• WORK TASK:
Using the listing below, set down exactly the lines from the one that contains "阿室①は迷走が止まりません。" through the one that contains "2020年3月9日下午,国务", with no pictures.

• GIVEN RECORDS:

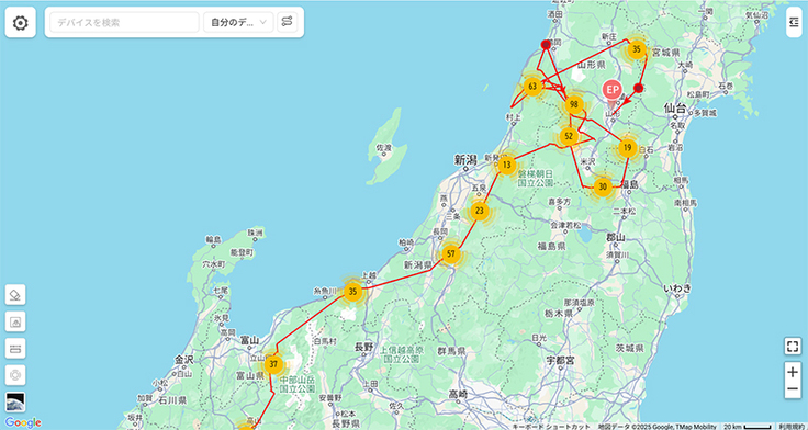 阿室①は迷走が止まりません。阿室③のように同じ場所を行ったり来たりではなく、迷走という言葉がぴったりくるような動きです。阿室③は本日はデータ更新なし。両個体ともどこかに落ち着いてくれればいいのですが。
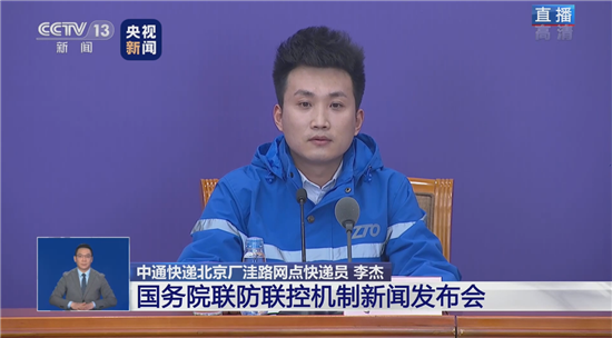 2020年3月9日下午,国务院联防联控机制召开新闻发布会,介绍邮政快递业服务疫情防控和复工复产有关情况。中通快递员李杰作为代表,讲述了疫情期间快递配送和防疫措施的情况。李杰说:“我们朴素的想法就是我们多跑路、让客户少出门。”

---

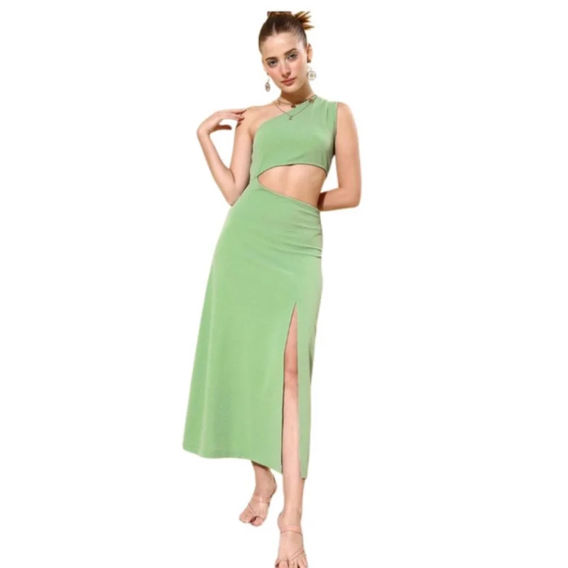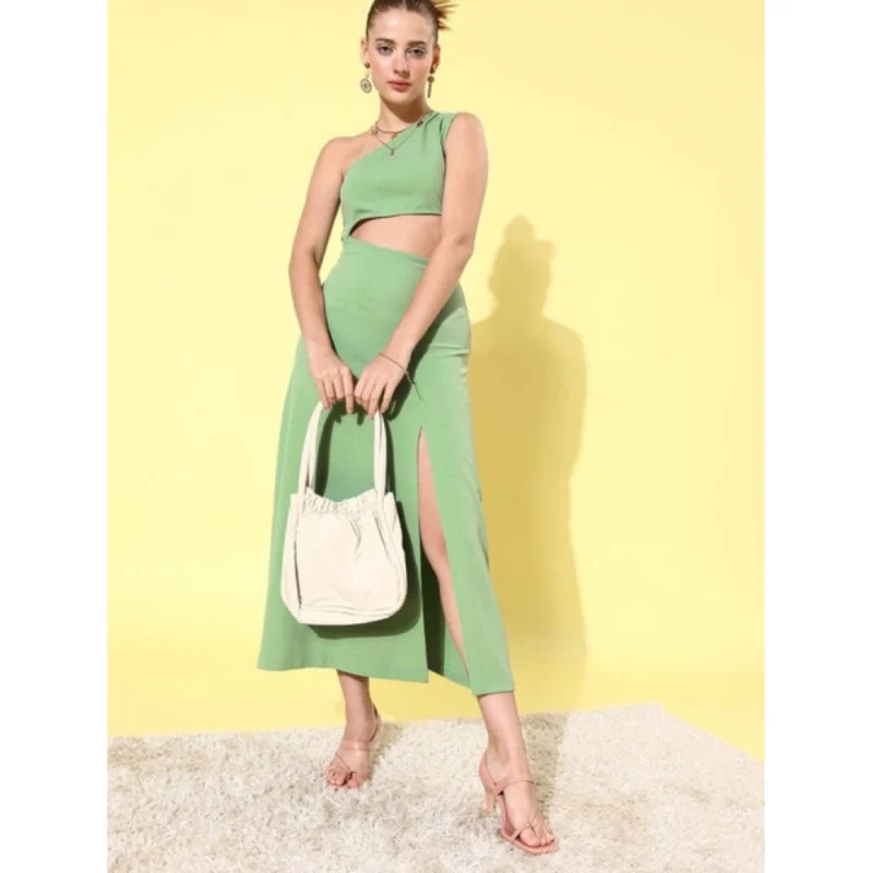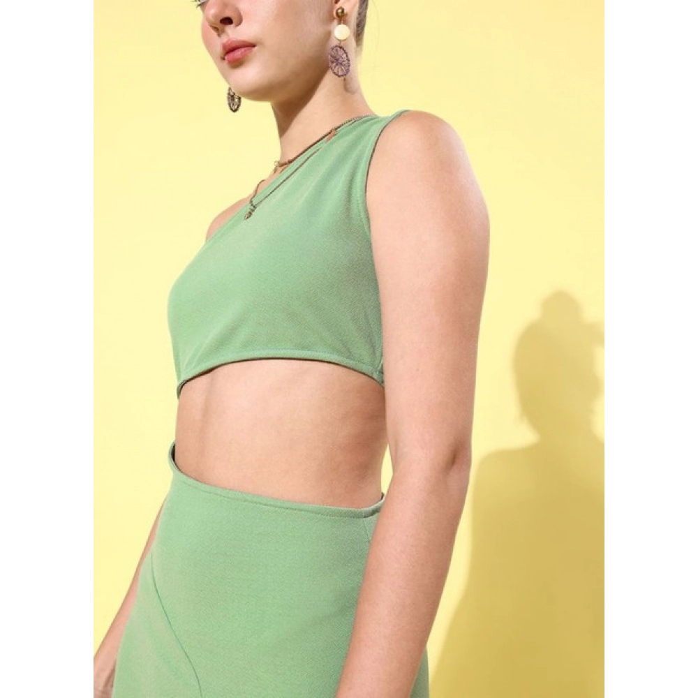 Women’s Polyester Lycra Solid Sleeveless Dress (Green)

• THE COMPLETED TASK:
 阿室①は迷走が止まりません。阿室③のように同じ場所を行ったり来たりではなく、迷走という言葉がぴったりくるような動きです。阿室③は本日はデータ更新なし。両個体ともどこかに落ち着いてくれればいいのですが。
 2020年3月9日下午,国务院联防联控机制召开新闻发布会,介绍邮政快递业服务疫情防控和复工复产有关情况。中通快递员李杰作为代表,讲述了疫情期间快递配送和防疫措施的情况。李杰说:“我们朴素的想法就是我们多跑路、让客户少出门。”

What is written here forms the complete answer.